Кристофер поправил перчатку — кожа под ней ужасно чесалась. Костер едва-едва тлел. Лес, охваченный ночной темнотой, был подозрительно тих. Ни стрекота насекомых, ни намека на других участников, ни шума ночных зверей. Казалось, кроме девятого и одиннадцатого в игре уже никого не осталось. Адреналин, азарт и будоражащее веселье, которым ещё днём Аддерли отдавался полностью, ушли на второй план, давая захватить его разум прискорбным, рациональным выводам и аналитическому штурму. ШоУ продвигалось поразительно медленно, тянулось подобно жвачке, нервируя ещё больше. На самом деле, происходящее не было чем-то сверхпоразительным или странным — три года назад одно из игрищ длилось почти месяц, заставляя каждого букмекера то подсчитывать прибыль, то дрожать в страхе в шаге от разорения. Кристофер тоже был в шаге от разорения — его колотило от холода единственного оставшегося пистолета и жара чужого, бесполезного тела. [ты поступаешь необдуманно] — заскрежетало под ребром острым, своим-несвоим голосом одиннадцатого. [ты ведешь за собой глупую овцу, готовую отдаться под клыки волков] — резало привычно, медленно, по-свойски руки: Кристофер уже готов сдирать вновь и вновь кожу, покрытую шрамами, лишь бы перестало, лишь бы забылось. [мы все несем ответственность] — клокотало маминым строгим, покалеченным, как и её скрюченная фигура, тоном. — Заткнись, — спокойно шептал одними губами Аддерли.
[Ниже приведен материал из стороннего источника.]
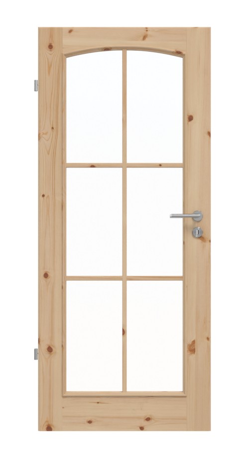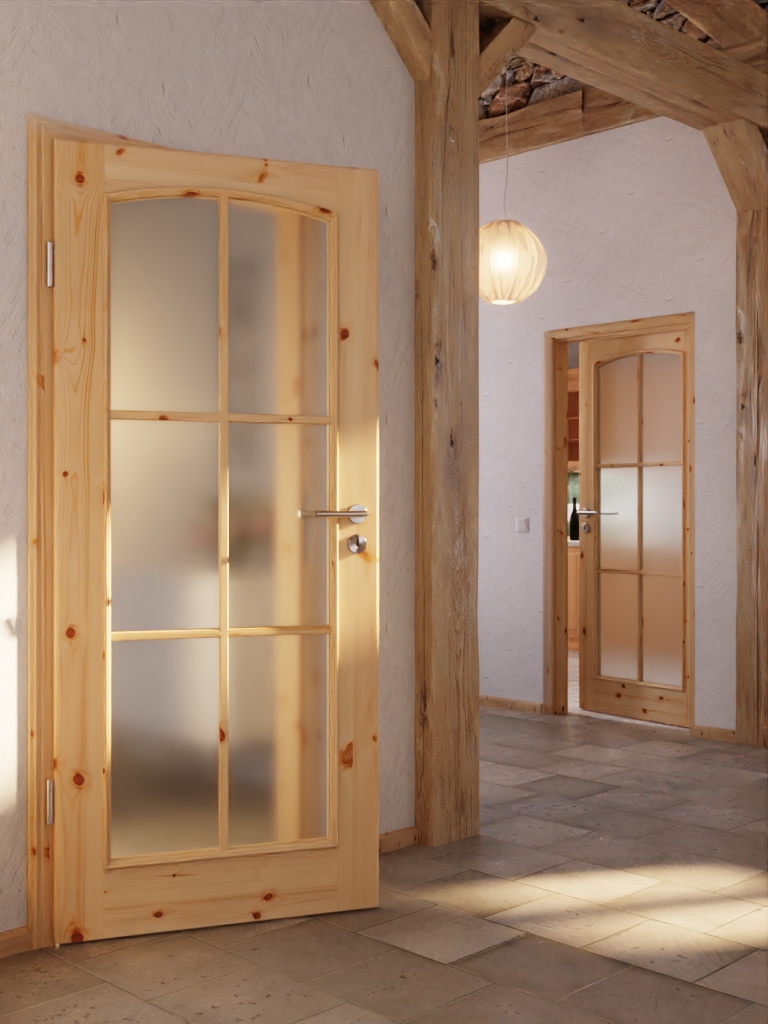 Przestronne szklenie z podziałami i łukiem segmentowym wpuszcza do pomieszczeń mnóstwo światła. Szerokie listwy są harmonijnie uzupełnione przez ozdobne ramki szklane. Każde skrzydło drzwi jest przesiąknięte indywidualnymi słojami z wyraźnymi ramkami sękowymi, które nadają sosnowemu drewnu rustykalny charakter.

Он выбрался из кокона белоснежного металла и прозрачного, ничего не скрывающего стекла, выгрыз себе путь, кровью выделив ту черту, что так страшила в детские годы, напускным [наверное] сумасшествием плюнул в их «непорочное», «правильное», заставив глядеть, глядеть, глядеть, как трескается прописанный рукою сверху мир — там, в месте, где искусство правит, только лишь по его прихоти смерть превратилась в главный экспонат. И никто не смог что-то этому противопоставить. Ни хваленый ошейник, ни правоохранительные органы, ни заветы Мыслящих.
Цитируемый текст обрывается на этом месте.